为了能待在却神洲,能在这里活下去,为了能陪在梧方身边,等到她出关的那一天。
季厌知自己初心不纯,握着剑的指节发白,不肯言语。
“既是为了活下去,今后我便只教你怎么守身杀人。”黎嶂的眸子与她对上,她心念一动,便被捕捉了清楚。
黎嶂的出招愈发简单狠厉,季厌抵挡的吃力。
一次次被剑风打飞出去,旧伤又增新伤,连绵的疼痛下季厌莫名升起些荒谬的情绪,她的师尊好像生气了。
可他望着她的眸子明明无悲无喜,如同从前一样,好像看着的不是她,只是个冰冷的物件。
弗山那只九尾狐曾说过的话,像是在她心中播下了一棵种子,不知何时便会生根发芽,野蛮疯长。
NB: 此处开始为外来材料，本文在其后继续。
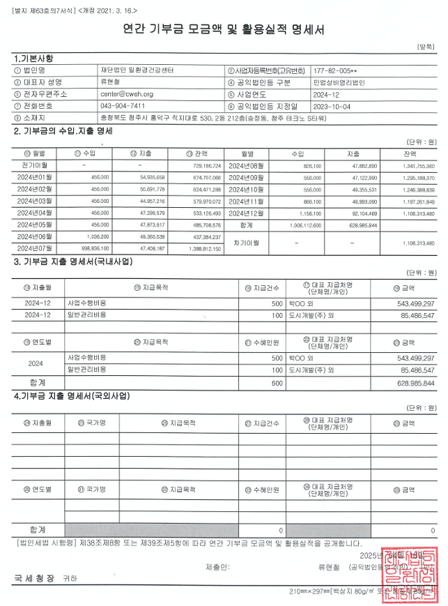 2024 ¿¬°£ ±âºÎ±Ý ¸ð±Ý¾× ¹× Ȱ¿ë½ÇÀû ¸í¼¼¼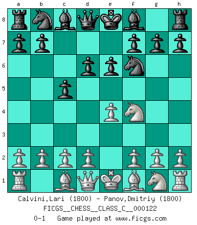 Last move : 0-1 2009 October 3 20:51:26 [Event "FICGS__CHESS__CLASS_C__000122"] [Site "FICGS"] [Date "2009.08.21"] [Round "1"] [White "Calvini,Lari"] [Black "Panov,Dmitriy"] [Result "0-1"] [WhiteElo "1800"] [BlackElo "1800"] 1.e4 c5 2.Nc3 d6 3.Nd5 e6 4.Nf4 Nf6 0-1 This chess game has been lost on time (started : 2009.08.21 20:20:6) Sicilian : Closed Player Black won this chess game. Follow this game move after move (download)If your opponent cannot do anything active, then don't rush the position; instead you should let him sit there, suffer, and beg you for a draw. (Jeremy Silman) Die Elozahlen sind sehr schlecht für das Schach. Jetzt ist Schach eine Sportindustrie, die darauf zielt Elopunkte zu machen. (Miguel Najdorf) Haz el enroque temprano y seguido. (Rob Sillars) Les échecs sont utiles à l'exercice de la faculté de penser et à celle de l'imagination. Car nous devons posséder une méthode élaborée pour atteindre des buts partout où nous devons conduire notre raison. (Leibnitz) It's not enough to succeed. Others must fail. (Gore Vidal)

神本无情,不过偶尔赐福,得神赐的凡人便以为得了青睐。
可神那双眼里,无悲无喜,除了偶尔的蔑视与怜悯,又何时出现过怜惜。
三日后,季厌再次前往弗山,抛却投机取巧的乖张,谨以月竹林主人之命,要求清理阵法,不再复用。
有违此令,便是与月竹林做对。
弗山夫人沉默应了,她并不看季厌,领弗山众人听完后便离开了。
弗山夫人态度转变太快,直到一切结束,季厌独自站在弗山山下,犹自有些想不明白。
月竹林的名号固然大,但她第一次来弗山便搬出过这个名号,只是方式……大胆了些,弗山夫人也依旧我行我素。
如今俨然换了一个人……
接下来的三个地方顺利多了,有了弗山带头放弃抵抗,剩下几个即便有些不忿,也只是小打小闹一番,不用费多大力气便完成了。
月竹林,季厌开始废寝忘食地练功。
学了剑术无处对敌,月孤剑便成为了她的陪练。
月孤剑是神剑,又跟从黎嶂多年,它的剑术早非常人能及。
月孤授命于黎嶂,助她行走却神洲,但它只会在她最危险的时候出现。
她一次又一次被迫深入凶兽堆中,屡次险些丧命。
然而正是因为在死亡极限的反复跳跃,她的修为在数十年间突飞猛进。
随着境界的不断跃升,她头一次发现自己是有资质的,只是,这还远达不到黎嶂的要求。
“你不觉得你逼她太过了吗?我可不想看到月竹林有两个黎嶂。”
未央的话并未影响到黎嶂对季厌的教导。
他们的时间并不充裕,人间迫切地需要一个完美的神女接替者。
不知从何时开始,却神洲所以人都知道黎嶂多了一个影子。
她寡言冷练,常着朴素灰衣,一身招式简练狠厉,背着黎嶂的剑逐渐走遍却神洲。
后来,她的那身衣裳逐渐洗的发白,不知何时,她穿的衣服褪成了白色。
而她,也有了与山君一较之力。
“影子大人,今日又来巡视,可要坐下喝杯茶?”
“这都是今早新采集的露水煮的,这些日子山间太平了不少,老余的茶铺生意好,高兴便送了我两钱。”
青年在山顶有一间小屋,只偶尔在山间猎兽时会留宿在这里,季厌寻常来也很少碰见他,即便打了个照面,他也很快进山去了。
今日不知怎的,他竟有闲情逸致带了茶叶在山顶煮了壶茶慢慢品着。
一个穿着粗布短打的猎人,在山间不打猎,反倒是慢悠悠地品着茶。
季厌心下觉得怪异,她忽然又想到,她似乎好像从未见到他猎到什么东西。
不过,这里是却神洲,有什么稀奇的事情,在此处都算不得稀奇。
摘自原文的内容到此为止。